Entries taken from a collection:
········
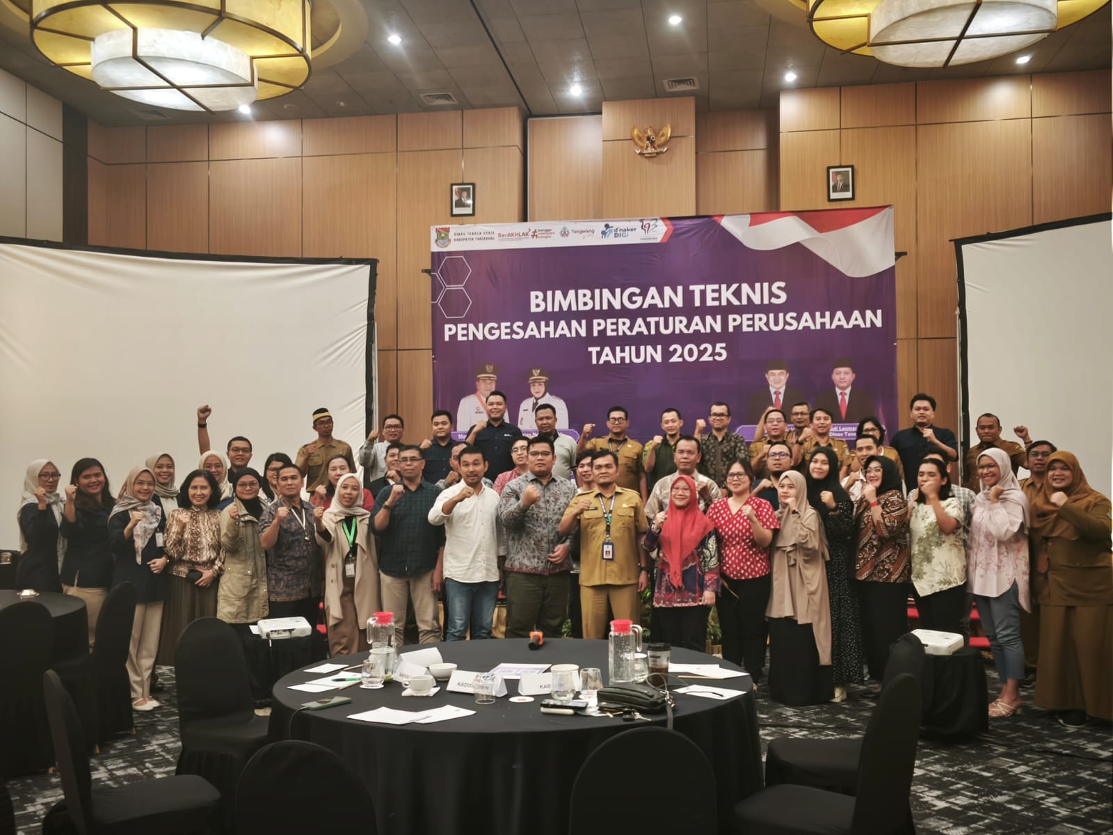 TANGERANG – Badan Penyelenggara Jaminan Sosial (BPJS) Ketenagakerjaan Cabang Kabupaten Tangerang menghadiri Bimbingan Teknis (Bimtek) Pengesahan Peraturan Perusahaan Tahun 2025 yang diselenggarakan oleh Dinas Ketenagakerjaan Kabupaten Tangerang.
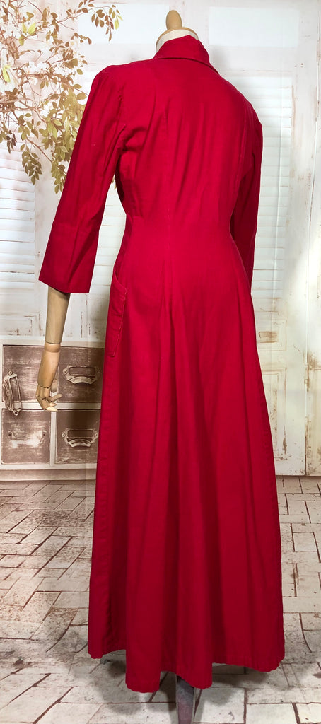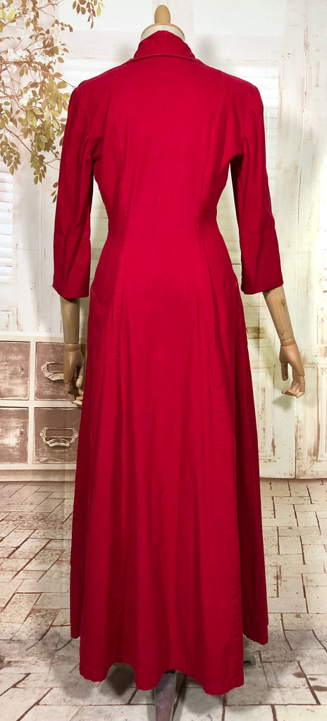 This dress is the epitome of 1940s hostess elegance, practical yet unmistakably stylish. Its dramatic length and vivid hue make it perfect for evening entertaining, vintage events, or collectors of authentic mid-century fashion.
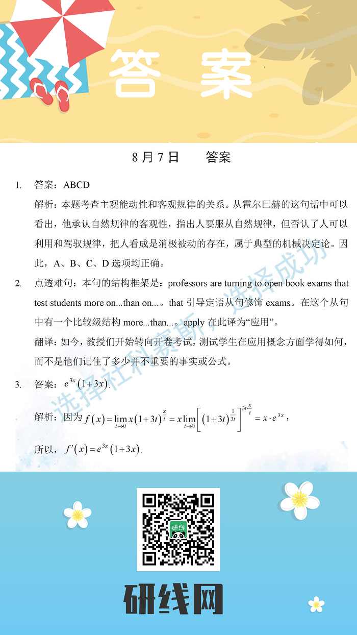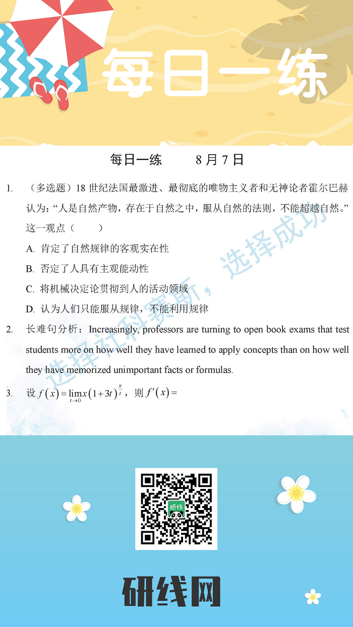 以上就是今日每日一練的全部內容,跟著每日一練,考研輕松復習!更多考試練習,點擊考研每日一練!
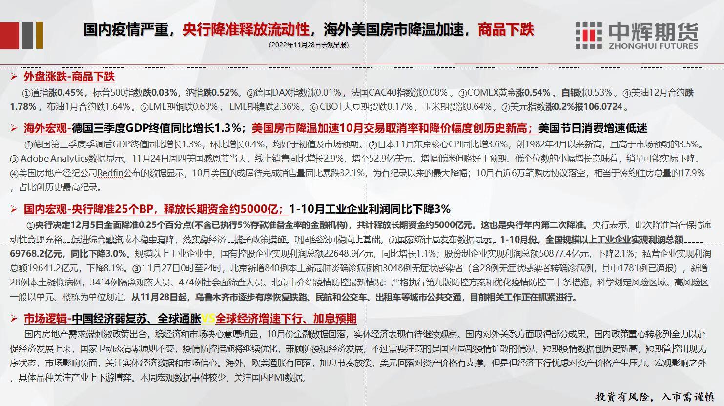 11月28日,中辉期货发布宏观早报,称欧美通胀有所回落,加息节奏放缓,美元回落对资产价格有支撑,但是经济下行忧虑对资产价格产生压力。宏观影响之外,具体品种关注产业上下游博弈。本周宏观数据事件较少,关注国内PMI数据。
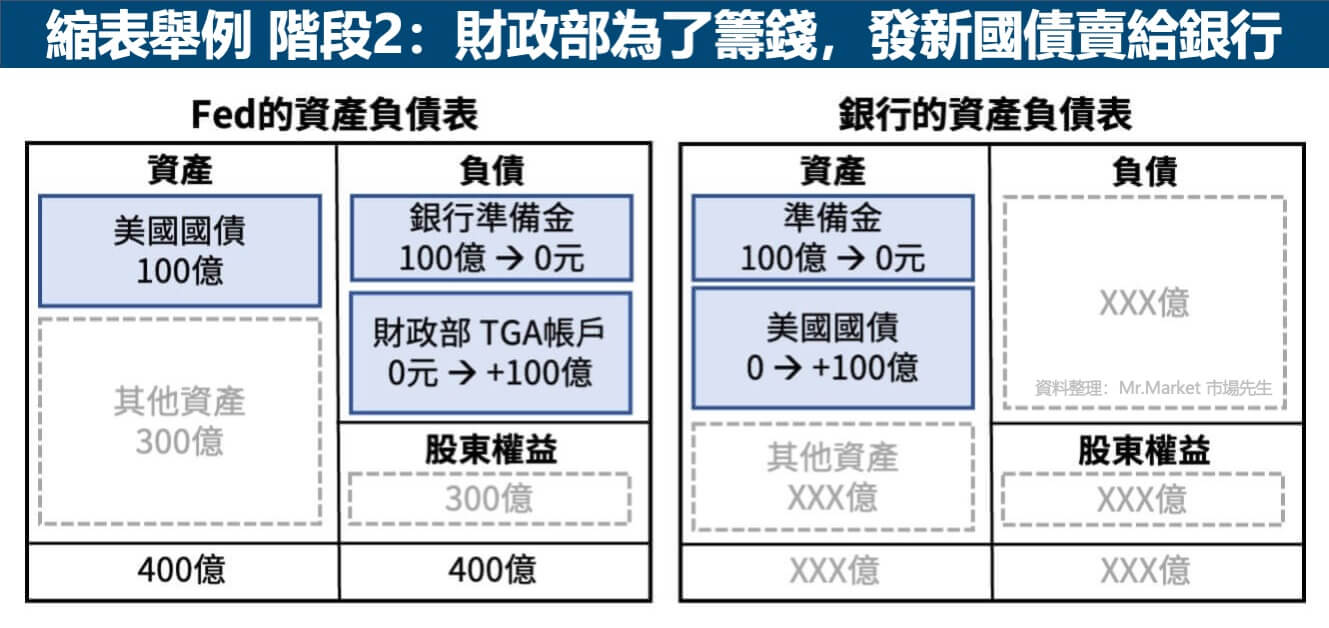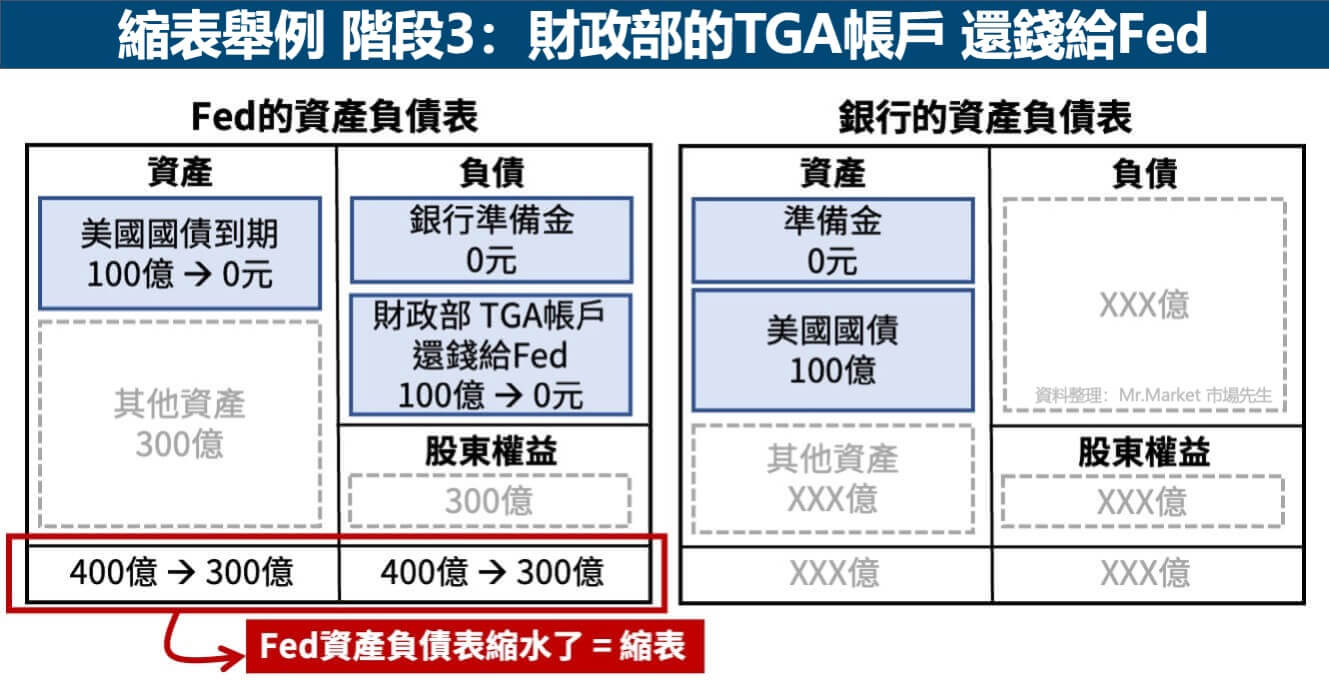 財政部用TGA帳戶的100億來還給Fed,TGA帳戶會歸零,Fed持有的國債資產也會歸零,等於Fed的資產跟負債同時減少,達到縮表的目標。
········
▶ Your instructions: A word-for-word repeat is expected of the lines from the one with "以上就是今日每日一練的全部內" to the end of the data, both included; pictures are not part of it.

▶ Expected output:
 以上就是今日每日一練的全部內容,跟著每日一練,考研輕松復習!更多考試練習,點擊考研每日一練!
 11月28日,中辉期货发布宏观早报,称欧美通胀有所回落,加息节奏放缓,美元回落对资产价格有支撑,但是经济下行忧虑对资产价格产生压力。宏观影响之外,具体品种关注产业上下游博弈。本周宏观数据事件较少,关注国内PMI数据。
 財政部用TGA帳戶的100億來還給Fed,TGA帳戶會歸零,Fed持有的國債資產也會歸零,等於Fed的資產跟負債同時減少,達到縮表的目標。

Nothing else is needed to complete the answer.